Task details:
Find the line with "小花の左右に配した小さなひし形は、サファイアをより引き立たてます。" in the entries below, then output every line from it down to the line with "Correa de Silicona", exactly and with no pictures.

(Data records begins)

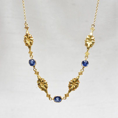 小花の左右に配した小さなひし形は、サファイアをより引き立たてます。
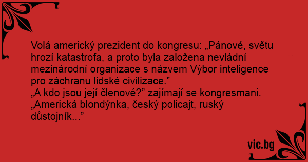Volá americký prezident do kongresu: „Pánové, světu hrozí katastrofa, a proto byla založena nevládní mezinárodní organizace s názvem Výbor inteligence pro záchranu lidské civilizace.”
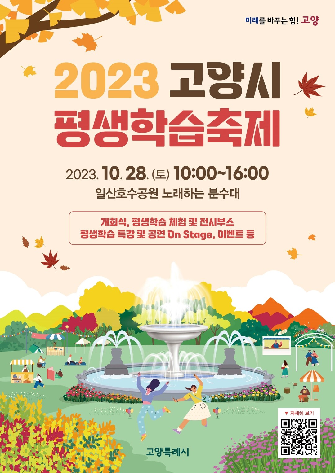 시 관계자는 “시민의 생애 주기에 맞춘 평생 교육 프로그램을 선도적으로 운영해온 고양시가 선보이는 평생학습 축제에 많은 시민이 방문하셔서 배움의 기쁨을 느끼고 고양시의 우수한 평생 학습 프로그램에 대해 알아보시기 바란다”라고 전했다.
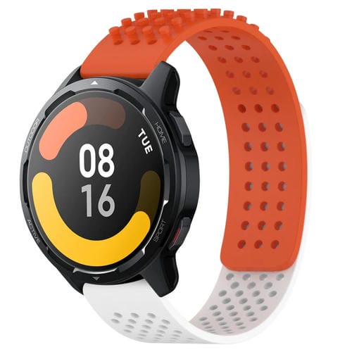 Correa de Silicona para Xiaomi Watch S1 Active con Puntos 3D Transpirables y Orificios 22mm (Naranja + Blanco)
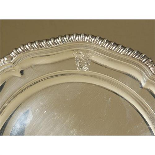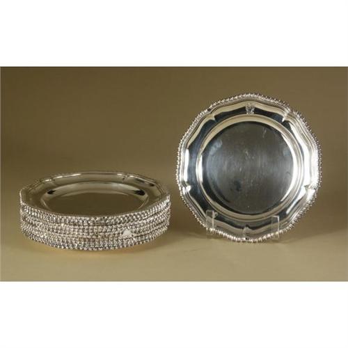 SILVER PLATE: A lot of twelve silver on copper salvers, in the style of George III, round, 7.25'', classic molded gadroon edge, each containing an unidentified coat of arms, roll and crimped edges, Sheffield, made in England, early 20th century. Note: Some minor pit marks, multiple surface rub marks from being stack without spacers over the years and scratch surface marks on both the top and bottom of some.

(Data records ends)
(Data records begins)

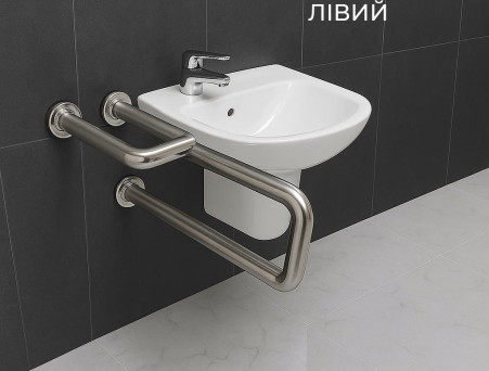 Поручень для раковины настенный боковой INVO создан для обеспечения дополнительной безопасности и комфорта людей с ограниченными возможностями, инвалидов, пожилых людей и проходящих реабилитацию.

(Data records ends)

Output:
 小花の左右に配した小さなひし形は、サファイアをより引き立たてます。
Volá americký prezident do kongresu: „Pánové, světu hrozí katastrofa, a proto byla založena nevládní mezinárodní organizace s názvem Výbor inteligence pro záchranu lidské civilizace.”
 시 관계자는 “시민의 생애 주기에 맞춘 평생 교육 프로그램을 선도적으로 운영해온 고양시가 선보이는 평생학습 축제에 많은 시민이 방문하셔서 배움의 기쁨을 느끼고 고양시의 우수한 평생 학습 프로그램에 대해 알아보시기 바란다”라고 전했다.
 Correa de Silicona para Xiaomi Watch S1 Active con Puntos 3D Transpirables y Orificios 22mm (Naranja + Blanco)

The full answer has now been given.